» **Assignment**: Beginning with the first line, return the material verbatim and without pictures.

:: Raw data ::

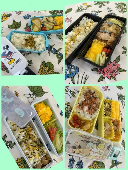 じゃがいものバターソテー、野菜の炒め物、だし巻き卵、ウインナーの飾り切りを作り、彩りや位置を考えながらお弁当箱に詰めていました。
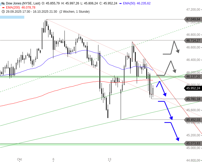 Zur gestrigen Eröffnung scheiterte der Dow Jones Index am Widerstand bei 46.450 Punkten und brach in der Folge an die Unterseite der früheren Trendkanalbegrenzung auf Höhe von 45.800 Punkten ein. In der Vorbörse kann sich der Index zwar weiter vom Tief lösen. Der Abverkauf des gestrigen Tages hat jedoch die Rally seit dem 14. Oktober gekontert und beendet.
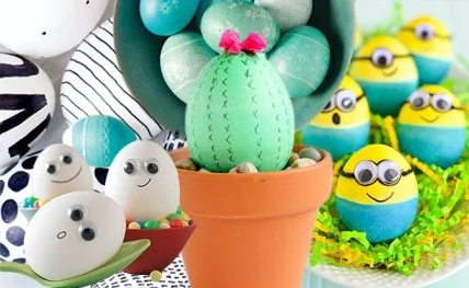 Пасхальные яйца в виде Миьонов порадуют фанатов этих забавных персонажей. Для такого декора вам понадобится пищевая краска для яиц голубого и желтого цветов, подвижные глазки, черная нить, клей и маркер.
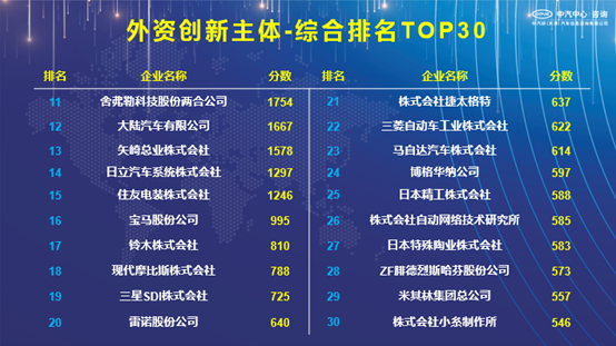 外资创新主体综合得分排名中,TOP10企业依次为丰田自动车株式会社、罗伯特·博世有限公司、通用汽车环球科技运作有限公司、本田技研工业株式会社、福特全球技术公司、株式会社电装、现代自动车株式会社、日产自动车株式会社、大众汽车有限公司、爱信精机株式会社。丰田自动车株式会社以10646分的绝对优势排名第一。

:::

» **Exercise solution**:
 じゃがいものバターソテー、野菜の炒め物、だし巻き卵、ウインナーの飾り切りを作り、彩りや位置を考えながらお弁当箱に詰めていました。
 Zur gestrigen Eröffnung scheiterte der Dow Jones Index am Widerstand bei 46.450 Punkten und brach in der Folge an die Unterseite der früheren Trendkanalbegrenzung auf Höhe von 45.800 Punkten ein. In der Vorbörse kann sich der Index zwar weiter vom Tief lösen. Der Abverkauf des gestrigen Tages hat jedoch die Rally seit dem 14. Oktober gekontert und beendet.
 Пасхальные яйца в виде Миьонов порадуют фанатов этих забавных персонажей. Для такого декора вам понадобится пищевая краска для яиц голубого и желтого цветов, подвижные глазки, черная нить, клей и маркер.
 外资创新主体综合得分排名中,TOP10企业依次为丰田自动车株式会社、罗伯特·博世有限公司、通用汽车环球科技运作有限公司、本田技研工业株式会社、福特全球技术公司、株式会社电装、现代自动车株式会社、日产自动车株式会社、大众汽车有限公司、爱信精机株式会社。丰田自动车株式会社以10646分的绝对优势排名第一。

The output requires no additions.